Saturday 31 July 2010

ADVENTURE'S RESTING PLACE

Through rolling hills and
Gentle watered meadowlands
We wend our way to church.
Quiet this serried place today,
This holy, often noisy space:
And quieted our hearts before
The empty space of death
Disguised in unobtrusive,
Lilied, wreaths of love.

What good is this, this slow
Determined dance of neuro-
Disconnection? A fertile mind,
A restless spirit and a
Generous heart imprisoned, yet let
Loose to dance another tempo,
Hum another tune, and ride
A wilder storm, while held in
Love and friendship’s firm embrace.

In Eucharist we give our thanks
And for a friend now gone
Make anamnesis: what courage
We recall, what mystery we explore in
Incensed air of loss and
Inner dereliction!
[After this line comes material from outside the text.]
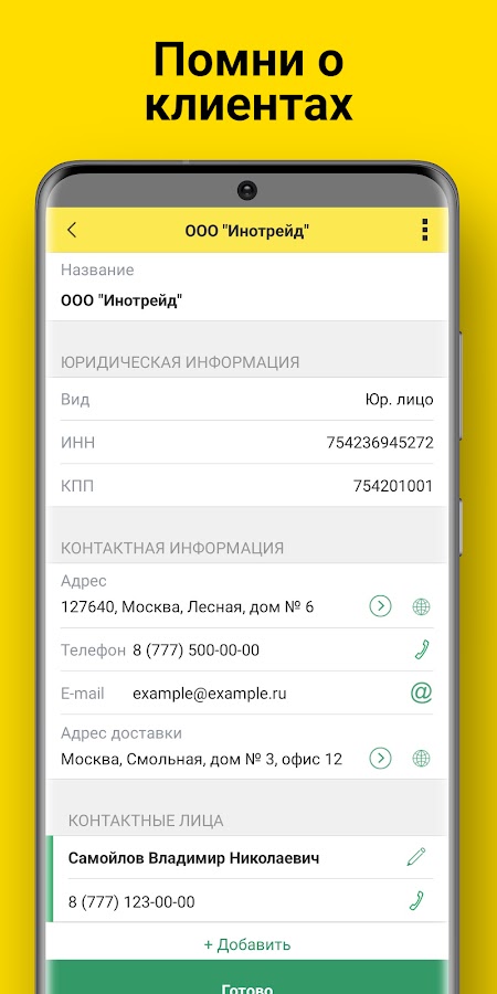 Приложение предназначено для менеджеров по продажам или торговых представителей,

And yet what hidden,
Subtle joy, what reckless hope
Awaits in bread and wine, and in
Pain’s broken circle re-connected?

On returning from the funeral
of Philip Wetherell, friend, priest,
pioneer and adventurer,
who wrestled for three years
with Motor Neurone Disease.
July 2010

A VIEW MORE DISTANT

Tom, I cannot say
I knew you well.

I saw you from a distance,
Heard your name,
Watched, as in a choir
That loved you well
You measured out your harmonies
From a more distant place:

I heard you too,
Hidden at your console,
Talking to us through
Your fingers and your toes,
But not your eyes, which resonated
With some distant, deeper place.

I knew you slightly, Tom,
As in your struggles with an
Ailing body that could no more
Contain you, your parents
In their anguish and their love
Called us to holy supplication.

There is no answer to a prayer
That seeks a simple resolution.
The music of this symphony
Is darker, more profound: it is
The energy of love in counterpoint.
Now yours to play, for

Tom, within the mystery of God
You are known well.



In memory of Tom Wickens,
Woodham Parish
May 2010

Friday 16 July 2010

A MATTER OF PRIORITIES

Even relentless tropical
Rain relents; the evening sun
Breaks through and colours
The muddied earth to amber.
The yellowjack screams
In anticipation,
As Synod adopts
It's emerging strategic plan.
But while prelates have wrestled
With issues profound,
This bird has his eye
On the Worm
In the ground.


A moment of distraction during a serious
church meeting in a hot and humid land;
and a question about differing priorities!

July 2010

Saturday 3 July 2010

Fw: Facing tough questions

 
The papers are full of economic gloom. Jobs going, wages being frozen, pensions cut, dividends collapsing – uncertain futures.

 

The organisation I work for is currently downsizing. In the interest of fairness all of our jobs are being made redundant; a new staffing structure has been designed and we are all eligible to apply for the new, but fewer, posts available.

 

So I have recently been through the process of looking redundancy in the eye, going for a competitive interview within the new process, and fortunately for me, being re-employed but in a new role. At least I know now a little of my own future: many of my colleagues are still in the midst of the process, and it is never a comfortable one.

 

Interesting that the emphasis – quite rightly – is on the job being made redundant, not the person. Not actually what it feels like, when the letter with your name on lands on your desk.

 

Our Western society pushes too many of us to be identified by what we DO rather than by who we ARE. How easy it is to say "I am being made redundant" – because that is how it feels….. my worth stripped away, my value tossed aside by others over whom I have no control.

 

One of the defining things for me about my Christian belief is that it's about risking living on the hunch that I am valued – loved even – just because I am me. That's what I guess it means to be made in the image of God, to be loved simply because I am.

 

If we could find ways of valuing one another more for who we are rather than just what we do – think what might happen: there might be a lot less blaming of one another, a lot less  high-handed positioning by politicians, a lot more respect for minorities, for those who live on the edge, for those sqeezed out of work, for those who have less power in society.

 

And there might be a lot more reflection, individually and together, on what we might want to become, not in order to prove a point, or to achieve, or to trample over someone else to get our way, but simply to respond in thankfulness for the gifts that are ours, and to seek ways to build each other up in identity and confidence.

 

And the world might just become a little less of a scary place.